From the entries below, write out exactly the lines between the line holding "中神亞雕塑企業始建于1986" and the line holding "Strieborný prívesok s", inclusive, excluding any pictures.

> Given records
# # # # # # #

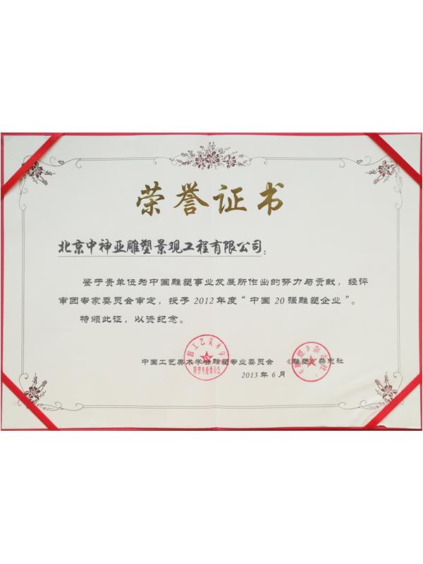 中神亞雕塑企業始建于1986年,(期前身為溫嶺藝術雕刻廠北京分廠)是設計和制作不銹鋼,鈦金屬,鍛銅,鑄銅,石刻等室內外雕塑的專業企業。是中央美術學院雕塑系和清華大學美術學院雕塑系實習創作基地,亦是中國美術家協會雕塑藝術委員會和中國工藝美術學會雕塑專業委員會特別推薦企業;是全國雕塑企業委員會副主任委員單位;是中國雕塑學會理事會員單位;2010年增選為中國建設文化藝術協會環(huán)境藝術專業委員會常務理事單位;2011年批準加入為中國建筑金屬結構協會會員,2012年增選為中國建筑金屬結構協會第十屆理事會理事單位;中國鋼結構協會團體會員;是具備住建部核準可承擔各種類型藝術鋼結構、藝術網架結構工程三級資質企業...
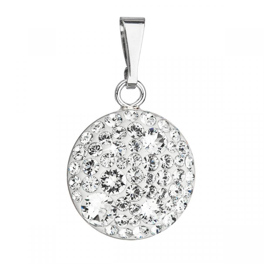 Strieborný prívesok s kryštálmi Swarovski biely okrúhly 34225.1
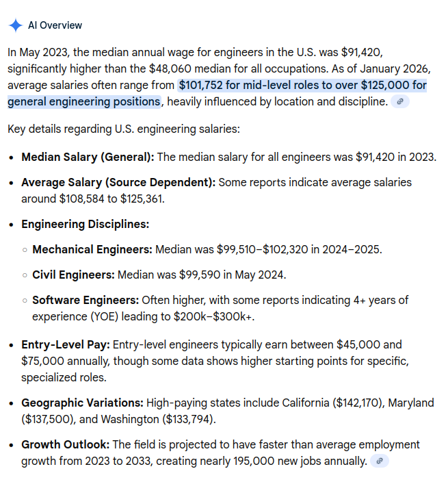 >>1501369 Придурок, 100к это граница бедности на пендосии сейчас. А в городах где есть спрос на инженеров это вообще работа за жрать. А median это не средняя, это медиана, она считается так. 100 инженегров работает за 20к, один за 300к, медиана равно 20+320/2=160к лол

# # # # # # #

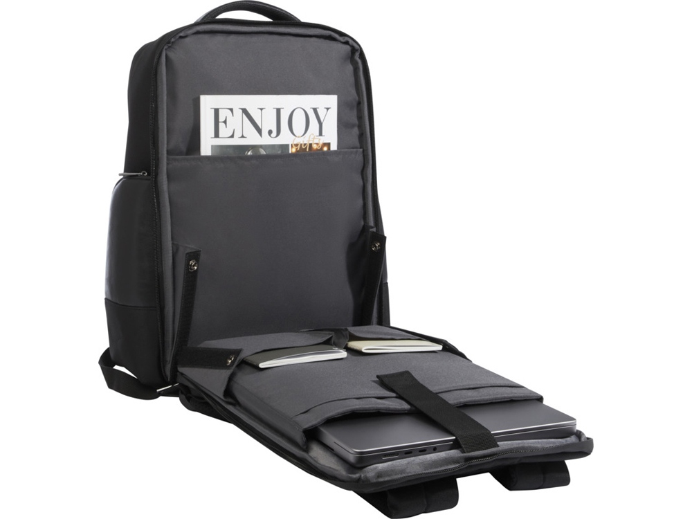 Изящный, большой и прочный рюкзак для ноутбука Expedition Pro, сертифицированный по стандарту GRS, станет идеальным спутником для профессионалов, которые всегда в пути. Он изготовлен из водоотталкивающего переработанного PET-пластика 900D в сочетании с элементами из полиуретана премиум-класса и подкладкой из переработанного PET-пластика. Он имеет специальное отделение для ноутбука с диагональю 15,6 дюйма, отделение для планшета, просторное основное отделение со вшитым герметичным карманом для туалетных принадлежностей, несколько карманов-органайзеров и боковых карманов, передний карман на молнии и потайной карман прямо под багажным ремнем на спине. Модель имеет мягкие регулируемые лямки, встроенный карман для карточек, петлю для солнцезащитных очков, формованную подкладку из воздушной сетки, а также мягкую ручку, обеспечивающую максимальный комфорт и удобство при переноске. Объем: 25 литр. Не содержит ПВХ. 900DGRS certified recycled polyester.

# # # # # # #

> Task result
 中神亞雕塑企業始建于1986年,(期前身為溫嶺藝術雕刻廠北京分廠)是設計和制作不銹鋼,鈦金屬,鍛銅,鑄銅,石刻等室內外雕塑的專業企業。是中央美術學院雕塑系和清華大學美術學院雕塑系實習創作基地,亦是中國美術家協會雕塑藝術委員會和中國工藝美術學會雕塑專業委員會特別推薦企業;是全國雕塑企業委員會副主任委員單位;是中國雕塑學會理事會員單位;2010年增選為中國建設文化藝術協會環(huán)境藝術專業委員會常務理事單位;2011年批準加入為中國建筑金屬結構協會會員,2012年增選為中國建筑金屬結構協會第十屆理事會理事單位;中國鋼結構協會團體會員;是具備住建部核準可承擔各種類型藝術鋼結構、藝術網架結構工程三級資質企業...
 Strieborný prívesok s kryštálmi Swarovski biely okrúhly 34225.1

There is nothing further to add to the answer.